Общий порядок вывода заключенных на работу из зоны на площадку Горстроя или в Норильский комбинат был такой: заключенных выводили колоннами, по обе стороны дороги на расстоянии 20 метров друг от друга от зоны до места работы стояли охранники. На время работы охрана снималась.
Сначала М.Н. Годлевский и Б.П. Дубицкий были в одном лагере. Потом по доносу Ангела Д их вызвали на допрос — спрашивали, о чем они разговаривают, чем объясняется их дружба. В результате Б.П. Дубицкого перевели в другое лаготделение и поставили на рытье котлована. Через несколько дней Михаила Николаевича вызвали ночью и предложили стать стукачом. Он, естественно, отказался, и его отправили на рытье котлована в известняковый карьер, на Каларгон, где почти никто не выживал. Спасла Михаила Николаевича тайная организация, видимо бандеровцы, которая каким-то образом узнавала, кого начальству удалось завербовать, а кого нет. Стукачей они убивали. В тот день, когда Михаил Николаевич с лопатой вышел на работу в карьер, за ним прибежал бригадир, привел в свою сторожку и приказал не выходить, показал записку с костями и черепом. В записке под страхом смерти приказывалось оградить Годлевского от работы на Каларгоне. Бригадир сказал: «Сиди здесь, мне жизнь дорога». Через какое-то время Михаила Николаевича вернули в лаготделение № 4.
Как вспоминает Б.П. Дубицкий, Михаил Николаевич в лагере делал все, что мог, для оказания помощи людям, попавшим в беду или в неблагоприятную обстановку. Так, например, когда Борис Петрович оказался в бригаде, которая работала на рытье котлованов, Михаил Николаевич пошел к начальнику конторы электромонтажных работ Владимиру Николаевичу Ларину (тоже заключенному) и попросил перевести Бориса Петровича в контору.
Таким образом он помог Борису Петровичу выйти из котлована и вернуться в лаготделение № 5. Некоторое время Борис Петрович и Михаил Николаевич были в разных лаготделениях, но впоследствии, когда Бориса Петровича перевели в 4-е лаготделение, они снова оказались вместе.
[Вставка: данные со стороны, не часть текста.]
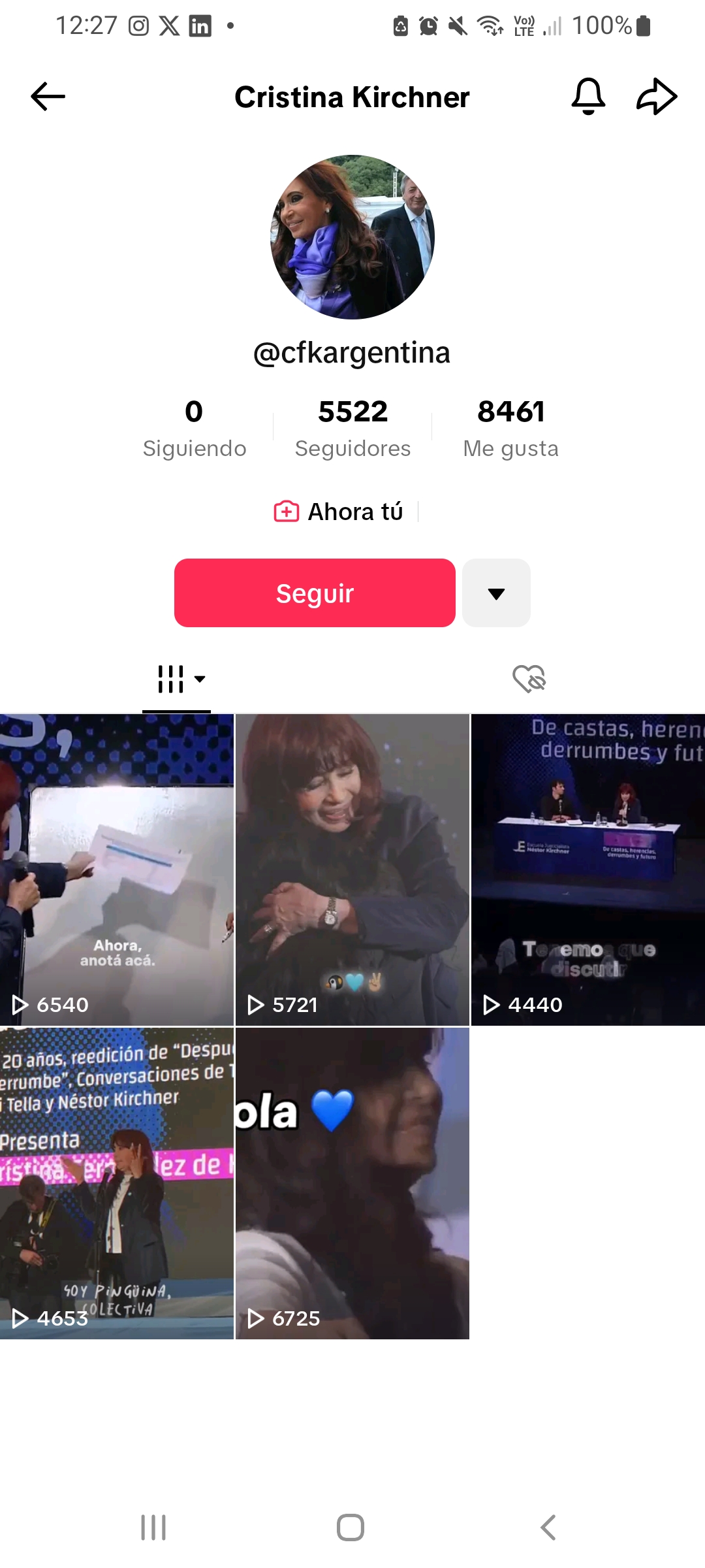 La nueva cuenta, @cfkargentina, publicó cinco videos en menos de una hora. El primero es una compilación de imágenes de archivo donde Cristina saluda a sus seguidores y expresa: «No se imaginan las ganas que tenía de volver a verlos».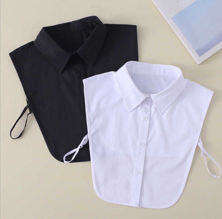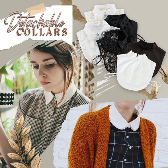 - Levehető nyakörvek - Pár valósághű gombos gallérral rendelkezik, amelyeket könnyedén rögzíthet és eltávolíthat a ruhájára.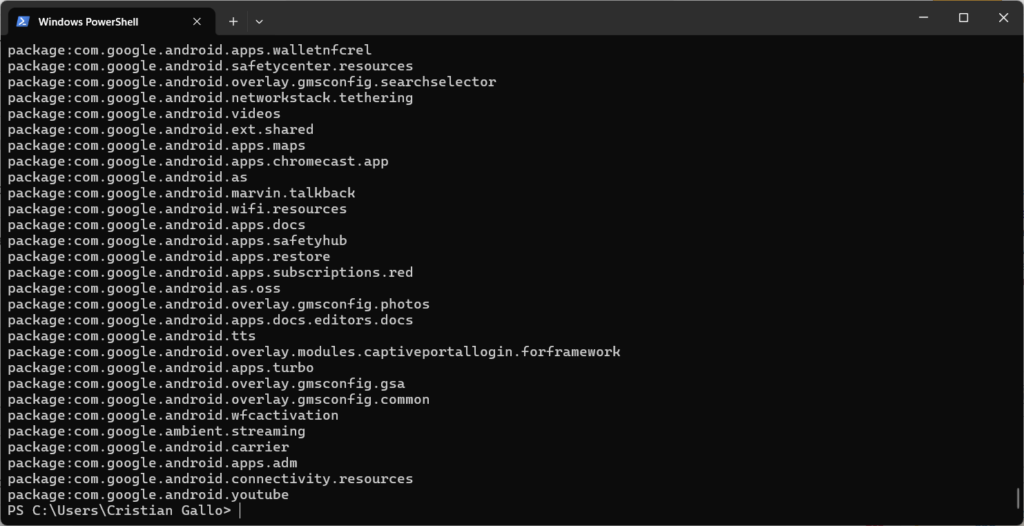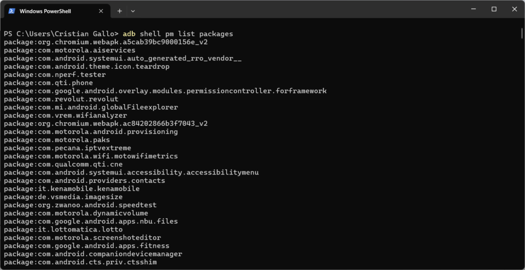 Usa questo comando per visualizzare l’elenco delle app installate: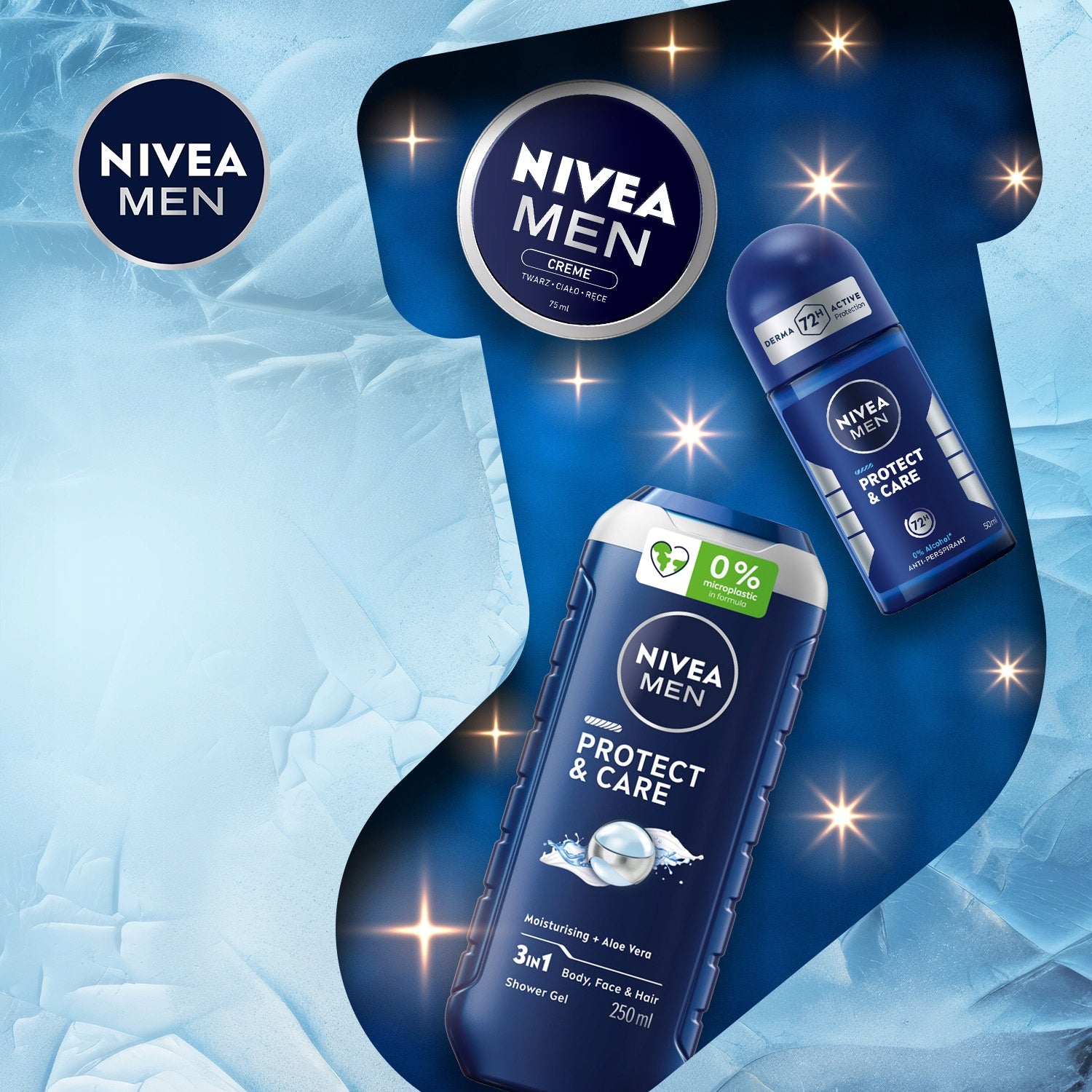 - NIVEA MEN PROTECT & CARE 3-in-1 Dušo želė: Ši universali priemonė tinka kūnui, veidui ir plaukams. Praturtinta natūraliu alaviju, ji švelniai valo odą ir plaukus, kartu intensyviai drėkindama ir saugodama nuo išsausėjimo.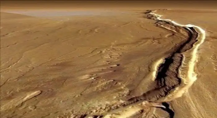 Широкие русла рек пронизывают марсианский ландшафт и разветвляются в причудливые дельты.
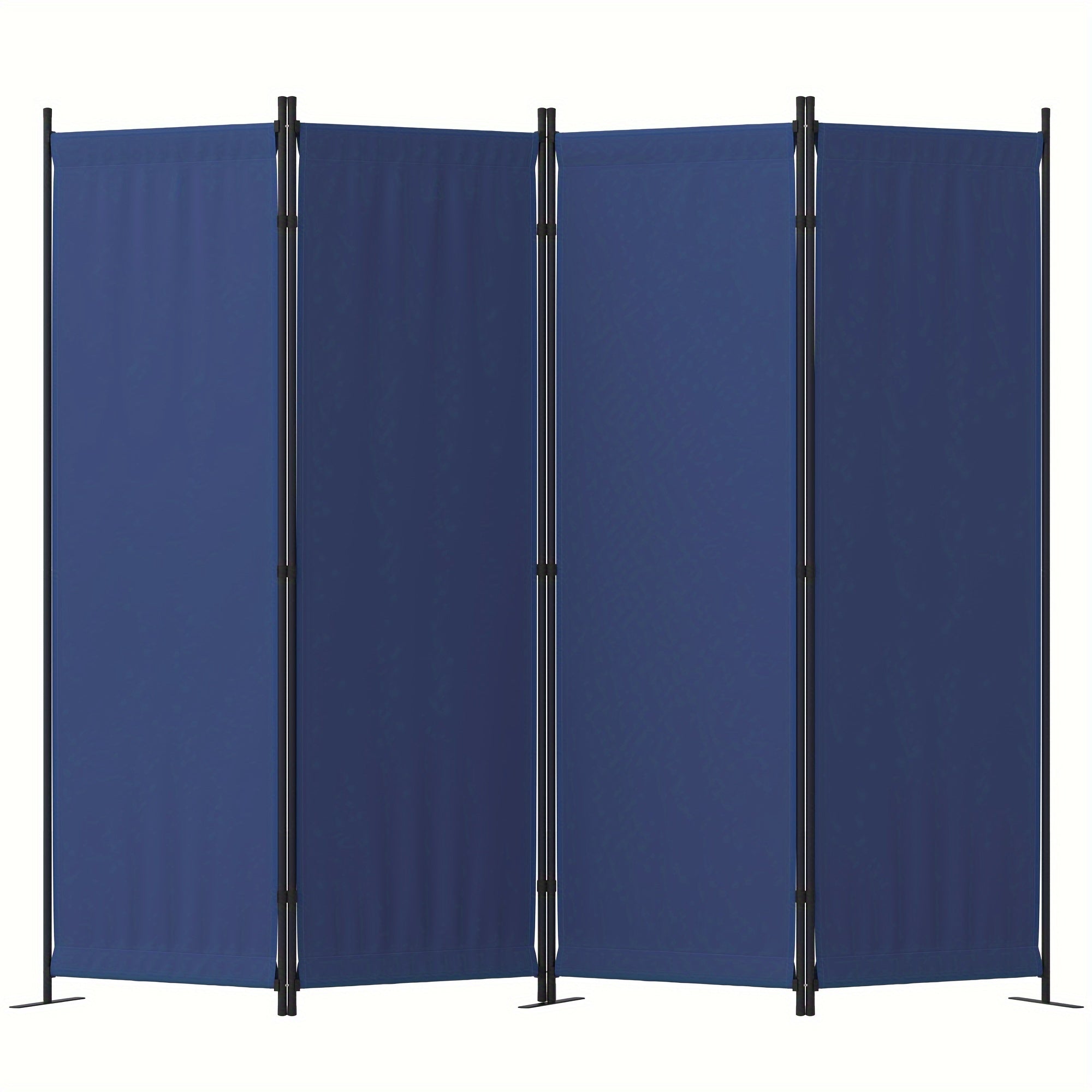 4-Panel Black Privacy Screen - Modern Folding Room Divider with Sturdy Metal Frame, Easy Assembly & Space-Saving Design, Perfect for Office, Bedroom, Hospital - Durable, Wrinkle-Resistant Fabric, Room Dividers And Folding Privacy Screens Blue

Владимир Петрович Яровой освободился из лагеря позднее Михаила Николаевича. Когда он стал поступать в Норильский горный техникум, директором которого была Каландарова (капрал в юбке), то натолкнулся на непонятное сопротивление, его не принимали без объяснения причин. Яровой поделился с Михаилом Николаевичем, уже преподававшим геологию в этом техникуме. Со свойственной ему решительностью Михаил Николаевич явился к Каландарихе и потребовал объяснения причин, по которым Ярового не принимали в техникум. «Если причиной является пребывание его в прошлом в Горлаге, то я больше не буду преподавать у вас в техникуме, так как я тоже был в Горлаге», — заявил Михаил Николаевич. Таким образом конфликт был исчерпан, и Володю приняли в техникум.
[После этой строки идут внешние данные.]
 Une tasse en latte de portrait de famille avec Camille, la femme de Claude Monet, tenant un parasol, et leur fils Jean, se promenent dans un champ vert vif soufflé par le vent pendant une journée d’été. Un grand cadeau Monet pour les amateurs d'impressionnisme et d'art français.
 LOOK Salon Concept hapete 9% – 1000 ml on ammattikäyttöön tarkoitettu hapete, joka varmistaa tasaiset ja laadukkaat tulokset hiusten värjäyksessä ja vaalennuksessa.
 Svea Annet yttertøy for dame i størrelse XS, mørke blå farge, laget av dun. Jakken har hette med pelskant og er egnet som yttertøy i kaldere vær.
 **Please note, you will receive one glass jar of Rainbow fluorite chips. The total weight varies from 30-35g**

После реабилитации 21 ноября 1956 года Михаил Николаевич начал работать по теории рудообразования и руководить работами по поиску медно-никелевых месторождений. Он был профессором, доктором наук, главным куратором геологической службы СССР по никелю и платиновым металлам, членом ВАК в течение 10 лет, членом экспертного совета Мингео СССР, членом двух ученых советов, членом редколлегий научных журналов, членом комиссии по новым минералам ВМО, почетным членом Всесоюзного минералогического общества. Его именем назван рудный минерал — годлевскит, сначала обнаруженный в Норильске, а затем в Канаде, Марокко и Австралии.
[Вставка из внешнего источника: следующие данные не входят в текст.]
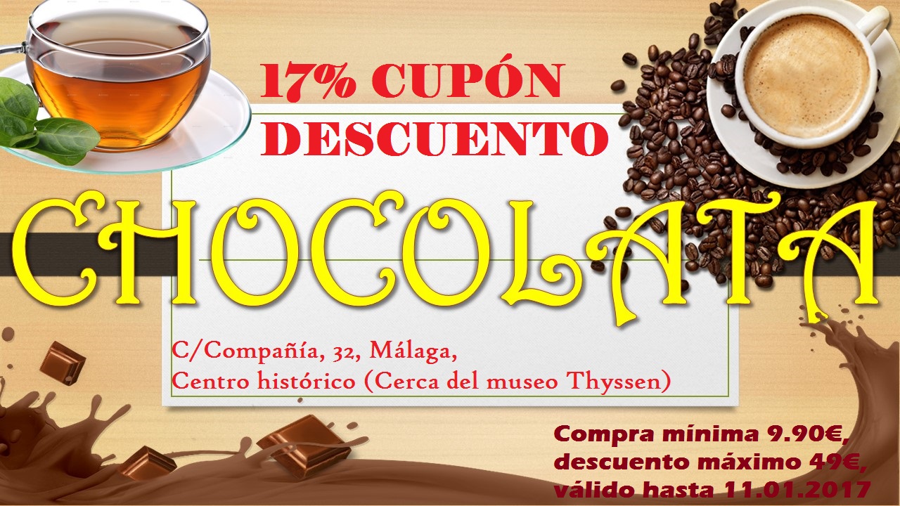 Imprime o muéstranos este cupón desde tu dispositivo móvil y obtendrás el 17% de descuento en todos nuestros productos.Visítanos en calle Compañía, 32 en el centro histórico de Málaga.
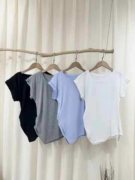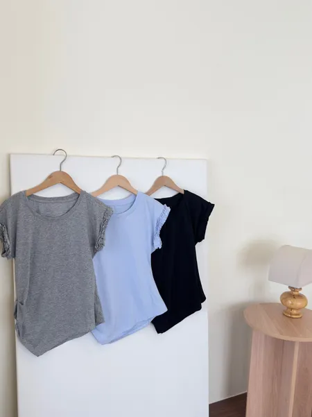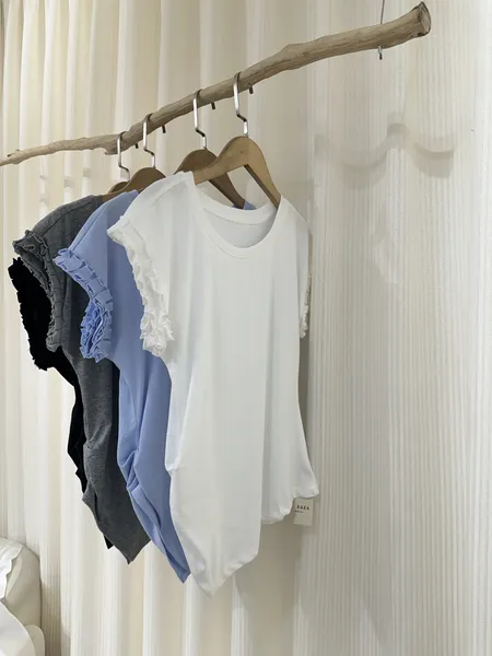 側抓皺花邊上衣

По характеристикам коллег и ученых своим научным творчеством и практическими делами Михаил Николаевич оставил глубокий след в отечественной и мировой геологии рудных месторождений. Он изучал месторождения важнейших металлов — никеля, кобальта, платины и платиноидов, золота и меди, бора и железа, без которых не может развиваться материальная база ни одного из современных государств. Он автор 170 трудов по минералогии и геохимии цветных, редких и благородных металлов, по петрологии рудоносных интрузий, по теории и практике прогнозирования и поисков новых рудных объектов, по генезису месторождений полезных ископаемых, по тектонике, истории минералогии. Михаил Николаевич обладал энциклопедическими знаниями не только в области геологических наук. Свободно владел европейскими языками, хорошо знал и использовал в своих трудах термодинамику, физическую химию, математику.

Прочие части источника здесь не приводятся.